Hippothales is an older boy who wants the younger Lysis as his student,
but Lysis dislikes him and hangs around playing knucklebones with kids
of own age instead. Hippothales asks Socrates for advice, and Socrates
said don't flatter your prey, flattery makes people arrogant and ill
disciplined and they walk away, instead keep them constantly
under pressure, keep tearing them apart for the sake of their soul. Then Socrates
demonstrates this process by debating with Lysis. Whilst
searching for a definition of "friendship" Socrates discusses the
relationship between the loved and lover, then like and unlike, then good
and bad, then belonging and un-belonging. The dialogue does talk about
the neophyte fighting for friendship and the master being standoffish,
but it doesn't answer the main problem raised in the friendship debate
and it mostly leaves the reader thinking, which is the way Socrates
typically seduces us of course. But perhaps there is a clue in the
theme - Hermes is the god of guides and Socrates is walking from the
Academy to the Lyceum when he comes across their wrestling school.

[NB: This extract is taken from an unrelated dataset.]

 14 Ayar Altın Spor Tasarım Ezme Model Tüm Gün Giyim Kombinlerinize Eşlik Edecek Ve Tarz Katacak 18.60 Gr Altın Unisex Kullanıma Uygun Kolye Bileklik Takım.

Instead of thinking what the couple get from friendship, think what
their friendship does for the world. So Hippothales teaches Lysis and he
in turn teaches the slaves, thus resolving the dilemma of what use like
is to like.
In the same way perhaps we can
we think of a harmony between the short term and the long term not in
terms of bodily pleasure and pain, but in terms of a sort of similarity of approach
each operating in its respective sphere. The short term moves should hit the same notes as the
long term vision. For example, Steve Jobs used to obsess about little
things like logos, because he wanted to see that vision everywhere. In
the same way, you can translate the long term functional goals into
short term psychological goals. In the West we are naturally
individualistic so we focus on honour seeking, in the East people
naturally cohesive so they focus on shame avoiding. The former is far
away and external, the latter close at hand and internal. In the West we
are far sighted, if we are healthy we tend to focus on long term
physical ideas such as "no bailout rules". In the East people are short
sighted, if they are healthy they tend to focus on human psychology. So
what I am saying is that I think it's possible that when the Chinese
criticise the Germans for thinking too much about the long term it's a
bit like a biologist criticising a physicist for not caring enough about
human nature- his reply should be we each have our own path to heaven.

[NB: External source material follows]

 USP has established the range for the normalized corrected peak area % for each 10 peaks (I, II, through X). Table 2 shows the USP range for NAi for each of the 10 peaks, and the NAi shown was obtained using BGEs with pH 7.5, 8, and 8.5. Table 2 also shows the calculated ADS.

In fact, I think the Chinese are guilty of thinking too much about long
term physics and not enough about short term biology themselves.
Describe to me what is wrong with the Greek people my Chinese friends,
and how their personality can be reformed, and then
we who focus on long term functional goals can walk in synch with
you. But if your vision is still filled with smoke, don't criticise our
German friends, they are at least making an effort, and they are doing a
much better job than the Americans. Considering how much you value
harmony, it makes no sense to me why you keep so much of your sweet
honey in a country so out of tune with yourself. For all it's faults, I
think Europe is a much better match.